To date, my favorite is the O’Connor Band’s studio album, Coming Home, which won a Grammy in 2017. Kate and I combined wrote seven of the 12 songs – so even though it’s considered a “bluegrass” album and features some killer solos, it’s really centered on our duo artistry. We also had a lot of fun recording it at House of Blues Studios in Nashville as well as at our producer’s house in Los Angeles. I think the album blends genres in a fresh way that I haven’t really heard elsewhere. The soundscape is also beautiful, and a lot of that is thanks to our engineer, Neal Cappellino, who has worked quite a bit with Alison Krauss and other top singers and acoustic musicians.

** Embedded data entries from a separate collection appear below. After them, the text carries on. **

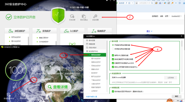 安全防护中心→安全设置→网页安全防护→开启所有网页防护项→确定
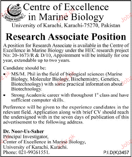 Apply as per details in job advertisement. Login to view further details of how to apply via https://www.jobz.pk online.
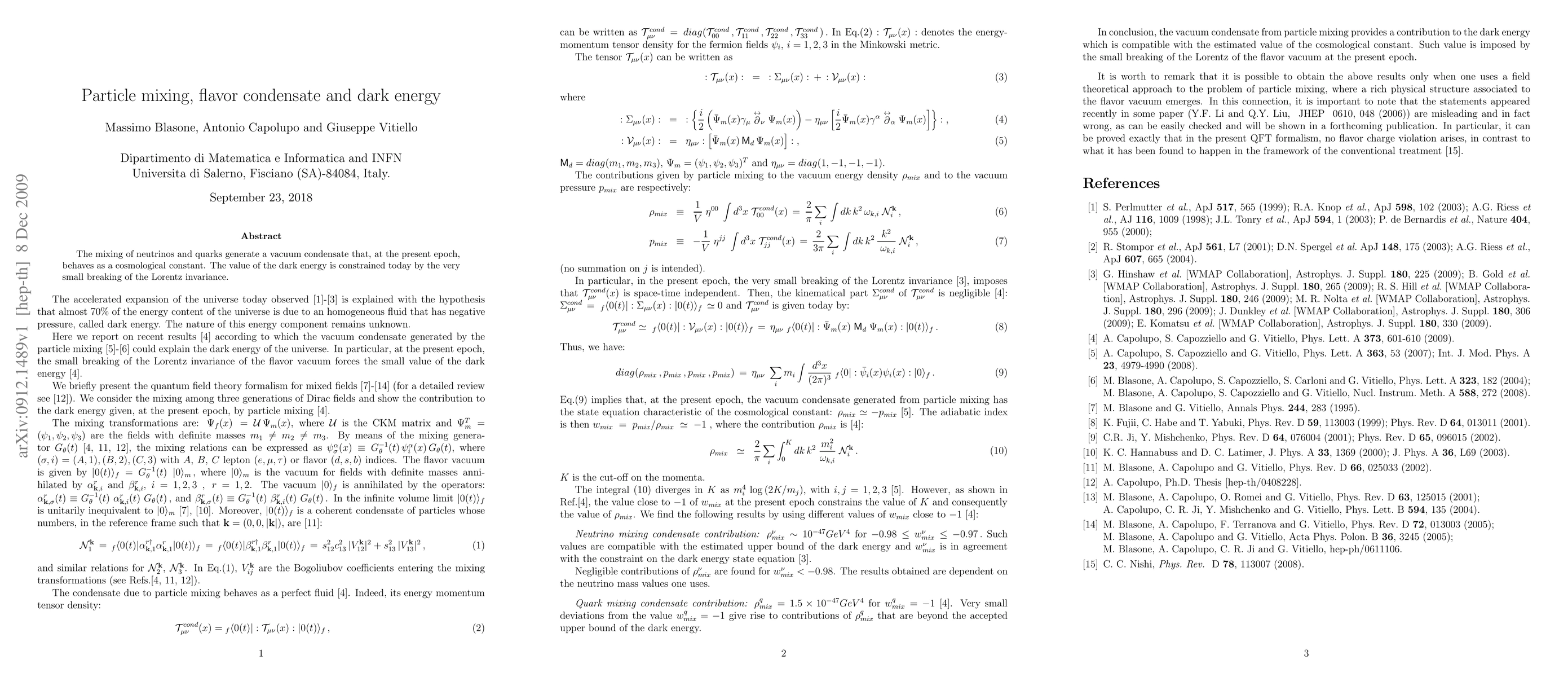 Summary: This paper proposes that neutrino and quark mixing produces a vacuum condensate acting as dark energy, with its value today constrained by the slight violation of Lorentz invariance. The condensate's behavior mimics a cosmological constant.
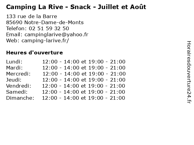 1 Camping La Rive - Juillet à Septembre (Distance: 0,00 km) 133 rue de la Barre, 85690 Notre-Dame-de-Monts accueil, camping, caravaning, de, juillet, la, loisirs, rive, septembre, tourisme, vacances 2 Camping La Rive - Épicerie - Juillet et Août (Distance: 0,00 km) 133 rue de la Barre, 85690 Notre-Dame-de-Monts août, camping, caravaning, en, et, juillet, la, loisirs, rive, tourisme, vacances, Épicerie 3 Camping La Rive - Bar - Juillet et Août (Distance: 0,00 km) 133 rue de la Barre, 85690 Notre-Dame-de-Monts août, bar, camping, caravaning, en, et, juillet, la, loisirs, rive, tourisme, vacances 4 Camping Le Grand Jardin - Juillet et Août (Distance: 2,71 km) 50 rue de la Barre, 85690 Notre-Dame-de-Monts août, camping, caravaning, en, et, grand, jardin, juillet, le, loisirs, réception, tourisme, vacances 5 Camping Le Clos du Bourg - juillet-août (Distance: 3,29 km) 12 Rue du Perrier, 85690 Notre-Dame-de-Monts août, bar, bourg, café, camping, clos, dame, de, du, fraicheur, juillet, le, monts, notre, restaurants, étoiles 6 Mediatheque Espace Culturel (1er lundi de Juillet au dernier samedi d'Août) (Distance: 8,96 km) . Boulevard Maréchal Leclerc, 85160 Saint-Jean-de-Monts 1er, au, culturel, d'août, de, dernier, documents, espace, informations, juillet, lundi, mediatheque, samedi |

JED: Well belated congratulations on the Grammy win! That must be so satisfying! What are you currently working on?

Kate and I just finished recording our debut full-length album for Compass Records, which should be released in Spring 2020. It features all new, original songs in a more wide-reaching Americana/country soundscape. Although Coming Home includes a few songs we’re really proud of, I think we’ve finally landed on our true artistic voice with this upcoming album, and I can already see how that voice will evolve in the future. Lyrically, it explores ambition, uncertainty, love, difference, and social evolution in the context of our relationship with each other, which has always been tied to music (we started playing music together a few months before we were dating). That said, it avoids the typical duo-couple tropes. In general, I primarily write and play (guitar/mandolin), while Kate is the lead vocalist. She interprets and delivers songs way beyond her years – I think people are going to be blown away by her voice on this album.

Photo by JD Pittman.

JED: I can’t wait to hear it. Forrest it has been a pleasure getting to hear about your story and talk to you about your upcoming release. Please let us know an update on your album’s release as soon as you have one! Thanks for taking the time to talk to us!

Of course, and I really appreciate you asking me to do this interview. I think AcoustiCult is a great idea and have enjoyed reading the other interviews you’ve posted!